I’ve started drinking a floral coffee, Bale Mountain from Steampunk. I wrote in my review that I do not have a wide palate when it comes to floral notes. This is down to my relative inexperience with floral notes in comparison to other flavours, such as cherry, blueberry, and chocolate. I have avoided some coffees described similar to teas and plants because I do not have many points of comparison.
It was no surprise that I was unable to pick out some of the flavour notes on the coffee I’ve been drinking. I cannot pick out “honeysuckle” because I do not have a good idea of what honeysuckle is in my mind. I may have experience with the aroma of honeysuckle but I cannot specifically remember honeysuckle. How is it possible for me to describe the coffee as honeysuckle? It isn’t, and that is just the point.
As I started to drink the coffee, I reminded myself of a rule that I feel I need to keep reminding myself exists: coffee flavours are incredibly complex and it is unlikely that I will get the same impression of a coffee as someone else. I have been good at tasting the flavour notes on coffees I’ve had in the past but I’ve seldom been able to pick out every flavour note listed on a packet.
I feel like I have avoided many good coffees because I do not have experience with their flavour notes. Bale Mountain attracted me with its forest fruit notes and the coffee has opened me up to a whole new world of flavours. Maybe it is about time I start to drink more coffees with floral notes. I will run into issues because of my inexperience with floral notes but that is expected. I can only learn through practice.

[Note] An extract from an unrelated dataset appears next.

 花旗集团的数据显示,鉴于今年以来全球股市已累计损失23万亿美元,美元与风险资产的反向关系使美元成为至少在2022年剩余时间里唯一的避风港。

An alternative is for me to go and seek out the “real” versions of the flavours in a coffee, something that I think I’ll find myself naturally doing over time. I do not have the inclination to seek out honeysuckle so I can see whether it is present in Bale Mountain, but I do know that I’m often trying new flavours and building up a bank of these in my mind.
Indeed, flavours are complex. The method used to prepare a method affects the taste of the resultant brew. I found stirring my Aeropress seven more times than usual – for a total of ten times instead of three – had a clear and noticeable impact on the final coffee. So how you brew your coffee will affect what flavours you taste. And how a roaster brews their coffee – whether they use cupping to determine samples, what water they use, how long they leave their coffee to rest before trying – will impact how they taste the coffee. Flavour notes are one impression of a coffee, not a list of rules on what you should taste.

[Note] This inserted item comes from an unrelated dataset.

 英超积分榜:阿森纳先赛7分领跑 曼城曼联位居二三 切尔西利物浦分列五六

This point was driven home when I let other members of my household smell a cup of Bale Mountain. Everyone got a different impression of the coffee; someone said they smelled “honey” and “tea,” two aromatic notes I was unable to discern in the coffee, even after someone had suggested them. I guess this post is me trying as hard as I can to remember that I cannot taste every flavour in the world and that tasting coffee is not a competition to see how many flavours I can pick up on from the tasting notes.